Just as it burned me to think of her with another man.

“As I recall it, you were with someone at GC last night too.”

“So, you did see me.” She says it with resignation, as if she’d be more shocked if I hadn’t noticed her presence inside the crowded restaurant. Perhaps even disappointed.

The fact is, I would sense this woman anywhere. There isn’t a place I’ve gone in this city where I haven’t been acutely, painfully aware of her.

I am drawn to her now as I have been from the beginning, even though I know I’ve forfeited the right to act on it.

No, as she said only a few moments ago, I never had that right.

Regardless, I see no reason to play games with Avery. I’ve done enough of that already. And I know that if she believes she’s right—that I screwed the woman she saw me having dinner with just a couple of nights after I asked Avery to leave her art event with me—our conversation would end right here.

“Simone Emmons lost her husband last month.”

Avery tilts her head, far from convinced. “She didn’t look the part of a grieving widow to me. Especially when she was pawing at you across the table and batting her lashes.”

I shrug, unable to offer any defense for my dinner companion. “Simone is a flirtatious woman who married a wealthy man old enough to be her grandfather. She’s also my newest client. At dinner last night, she agreed to sell one of her deceased husband’s companies to me.”

Avery snorts. “I’ll bet she did. I’ll bet you were one hard negotiator too.”

“It was just business, and it went no further than dinner.” I pause as a cluster of pedestrians moves past us on the concrete. “Do you really want to talk about Simone Emmons?”

“No.” I see some of her suspicion diffuse, but not enough to persuade her to stay. “I don’t want to talk about anything with you, Nick. I’m on my way to the studio. Or, rather, I would be if you weren’t standing in my way.”

“Let me drive you there.”

“No, thanks.” Something brittle flashes in her gaze. “I don’t accept rides from people I don’t know.”

It’s a low blow, lower than anything else she’s said to me, but a deserved one. If I were a better man, I’d let her aptly delivered jab stick and head back to my car alone. For the past year I’ve managed to resist a confrontation like this, but after seeing her a few nights ago she’s all I’ve been able to think about.

I have things to say to her.

Things I should have said back in Paris or months before.

There are things she needs to know. Things she needs to see. Ugly things that may make her hate me even more. Or worse, pity me.

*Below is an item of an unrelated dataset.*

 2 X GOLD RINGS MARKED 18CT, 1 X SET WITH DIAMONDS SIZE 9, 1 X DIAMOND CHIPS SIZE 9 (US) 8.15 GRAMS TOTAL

“All right, Avery. Then walk with me for a while. If you decide you still don’t know me, then I’ll escort you to the nearest subway station and I’ll go. You’ll never see me again.”

She stares at me, a trace of confusion in her searching gaze. I see doubt there too. When she speaks, her voice is quiet, hesitant. “You really mean that?”

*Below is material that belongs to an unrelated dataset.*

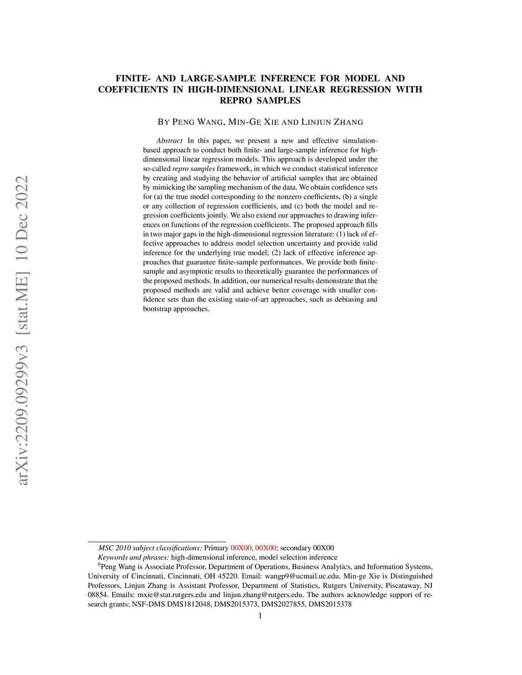 Finite- and Large- Sample Inference for Model and Coefficients in

Fuck, do I? As difficult as it would be to keep a promise like that, I know I owe her the choice. The choice I didn’t give her before. I owe her the truth . . . and the why.

“Yes, Avery. I mean it. You have my word.”

For a long while, she says nothing. Doesn’t so much as blink as she weighs my promise in unbearable silence. She can break me right here and now, but I wonder if she truly understands her power. Watching her leave the first time was hard enough. Knowing how deeply I’d hurt her was a torment that’s eaten at me like a cancer ever since.

She doesn’t trust me. She doesn’t believe that I can be held to any promises, nor should she. But I would do this for her now. Not only because I know it’s the best thing for her, but because I also know the shame that’s waiting at the end of the path I’m asking her to walk with me.

I haven’t opened that door since the moment Avery entered my life.

I’m not at all certain I want to do it now.

She watches me too closely, already far too aware of the fissures in my soul.

“Okay, Nick,” she says softly. “Lead the way.”